В одном лице (ЛП) - Ирвинг Джон. Страница 45

— Но при чем тут мать Киттреджа? Ты видел его мать? Она вообще не похожа на мать. Она похожа на кинозвезду в каком-нибудь старом фильме, которая потом оказывается ведьмой или драконом! — заявил Аткинс.

— Не понимаю, о чем ты, — сказал я ему.

— Женщина, которая когда-то была настолько красивой, никогда не смирится с тем, как… — Аткинс остановился.

— Как течет время? — догадался я.

— Да! — воскликнул он. — Такие, как миссис Киттредж, ненавидят юных девушек. Киттредж так сказал, — добавил Аткинс. — Его отец бросил его маму ради женщины помоложе — не красивее, а просто моложе.

— А-а.

— Не могу себе представить, каково это — путешествовать с матерью Киттреджа! — воскликнул Аткинс. — У Элейн будет отдельная комната? — спросил он меня.

— Не знаю, — сказал ему я. Я как-то не задумывался о том, что Элейн может жить в одной комнате с миссис Киттредж; одна мысль об этом вызвала у меня мурашки. А что, если она не мать Киттреджу, да и вообще никому?
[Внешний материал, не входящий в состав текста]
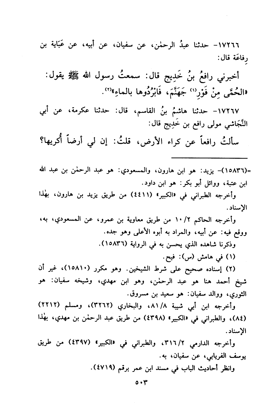 ١٧٢٦٦ - حَدَّثَنَا عَبْدُ الرَّحْمَنِ، عَنْ سُفْيَانَ، عَنْ أَبِيهِ، عَنْ عَبَايَةَ بْنِ رِفَاعَةَ، قَالَ: أَخْبَرَنِي رَافِعُ بْنُ خَدِيجٍ، قَالَ: سَمِعْتُ رَسُولَ اللهِ صَلَّى اللهُ عَلَيْهِ وَسَلَّمَ يَقُولُ: " الْحُمَّى مِنْ فَوْرِ (١) جَهَنَّمَ، فَأَبْرِدُوهَا بِالْمَاءِ " (٢)
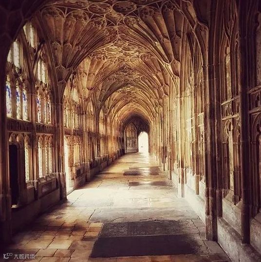 下图是学院内的通道走廊,哈利波特中3位主人公曾经坐在这里窗边聊天。
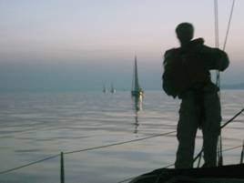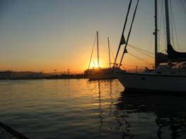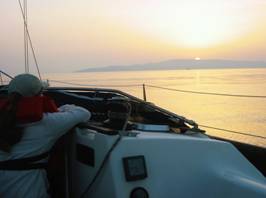 Na het verste punt van onze reis bereikt te hebben moeten we nu beginnen met de terugvaart. Het voorstel is om nachtzeilen te simuleren door vroeg in de morgen (nog donker) te vertrekken. Dit betekent dat de tocht en boot s’avonds al voorbereid dienen te worden en dat we bijtijds onze kooi op zoeken. Conform voorstel staan we om 03:00 uur op, drinken een sterke bak koffie om vervolgens de trossen los te gooien. De maan is ons goed gezind en verlicht onze weg richting Ermioni. Om 06:30 komen de eerste zonnestralen door en zijn we getuige van een schitterende zonsopgang. Na een ‘floating breakfast’ en zeemans douche (de wind laat ons in de steek) bereiken we tegen 15:00 uur s’middags Ermioni.
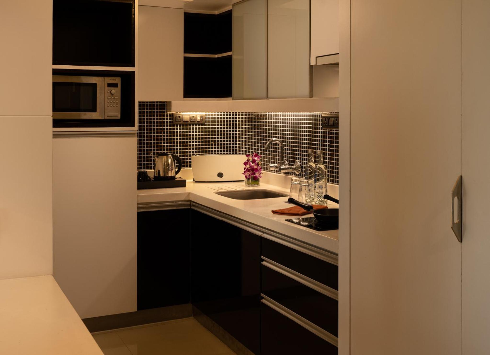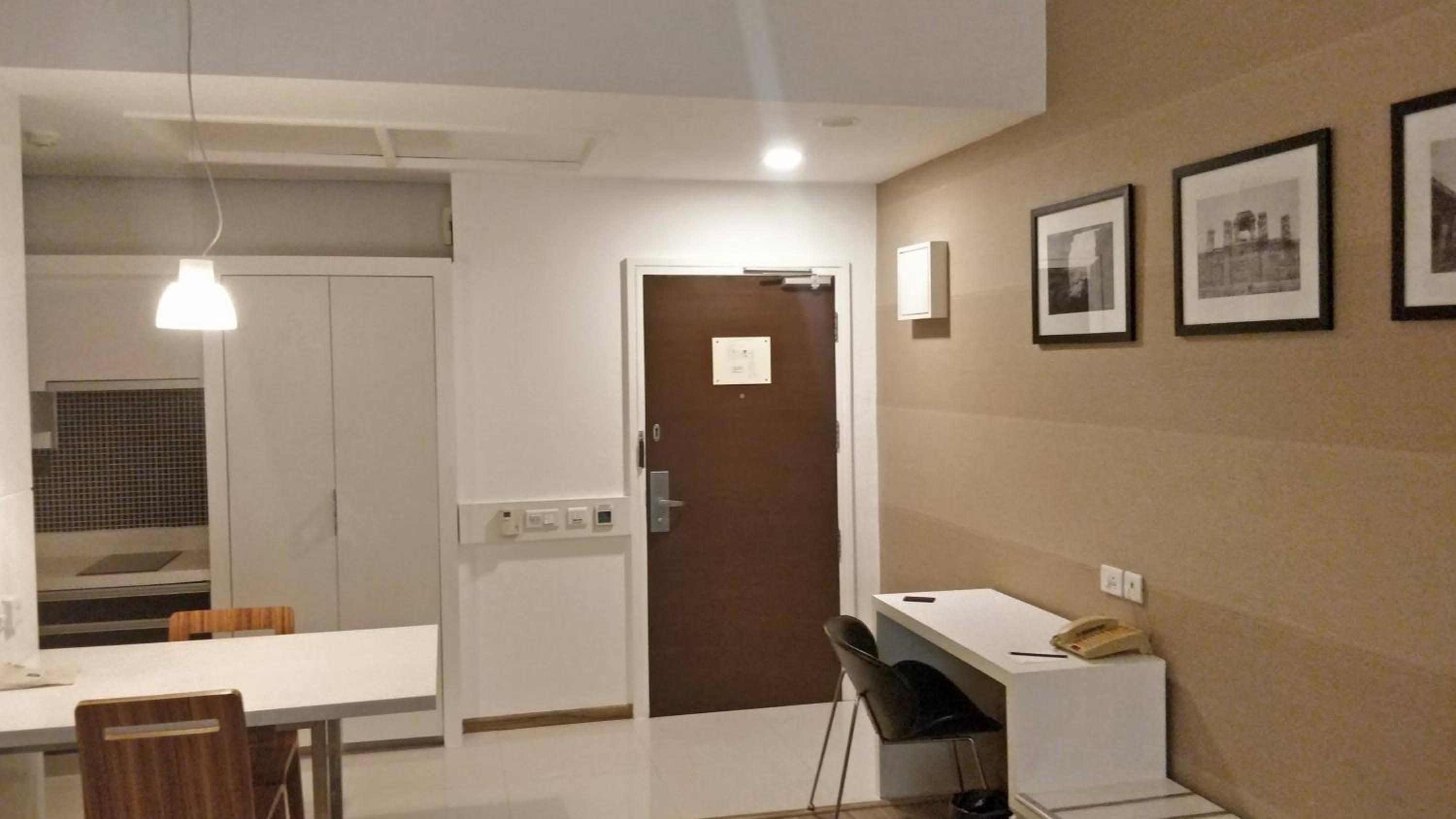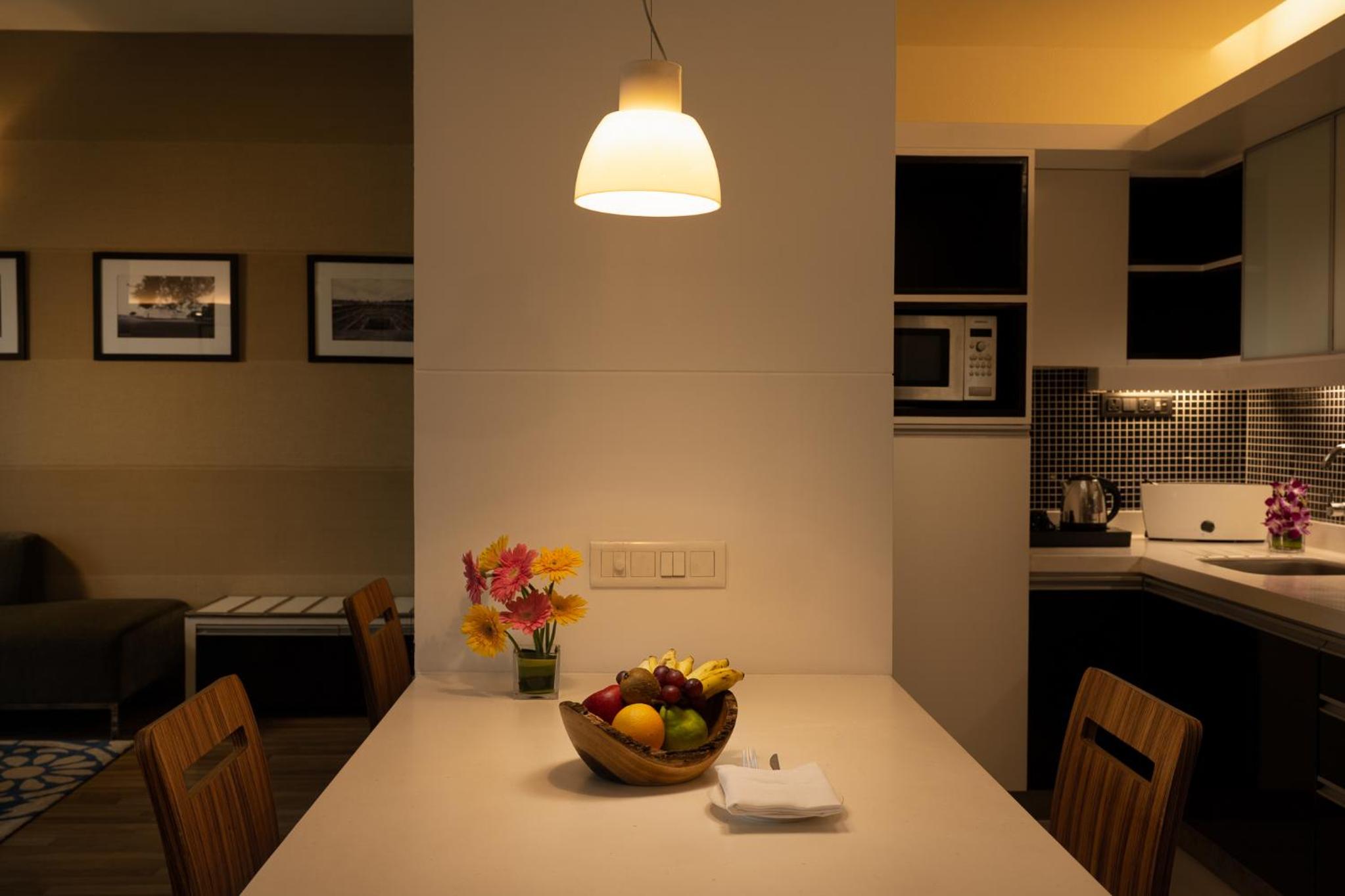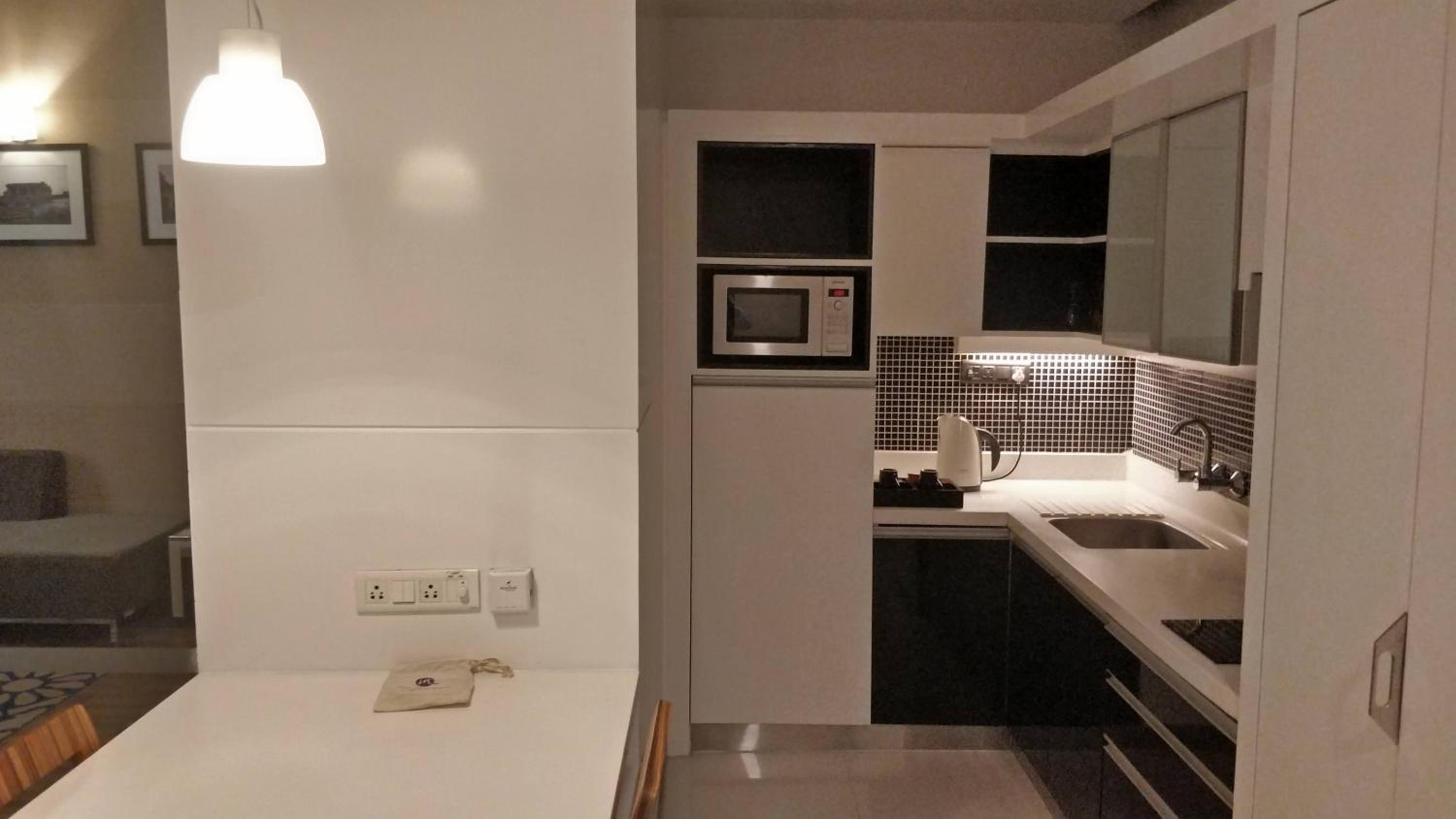 Really good location, away from chatter and noise, yet not far from shops and restaurants. Our suite was spacious. The bathroom had a nice shower stall. The kitchen section included a fridge, a cooktop, a microwave and a water purifier. Very convenient.

Но нет, она просто обязана быть матерью Киттреджа; эти двое никак не могут не быть в родстве.

Аткинс протиснулся мимо меня и начал подниматься по лестнице. Я спустился еще на пару ступенек; мне казалось, что разговор окончен. Неожиданно Аткинс произнес:

— Не все здесь понимают таких, как мы с тобой, но Элейн понимала — и миссис Хедли тоже.

— Да, — только и сказал я, продолжая спускаться по ступенькам. Я старался не углубляться в размышления над тем, что он имел в виду под «такими, как мы», но я был уверен, что Аткинс подразумевал не только проблемы с речью. Он что, пытался подкатить ко мне? — думал я, пока шел через двор. Это что, был первый подкат от парня вроде меня?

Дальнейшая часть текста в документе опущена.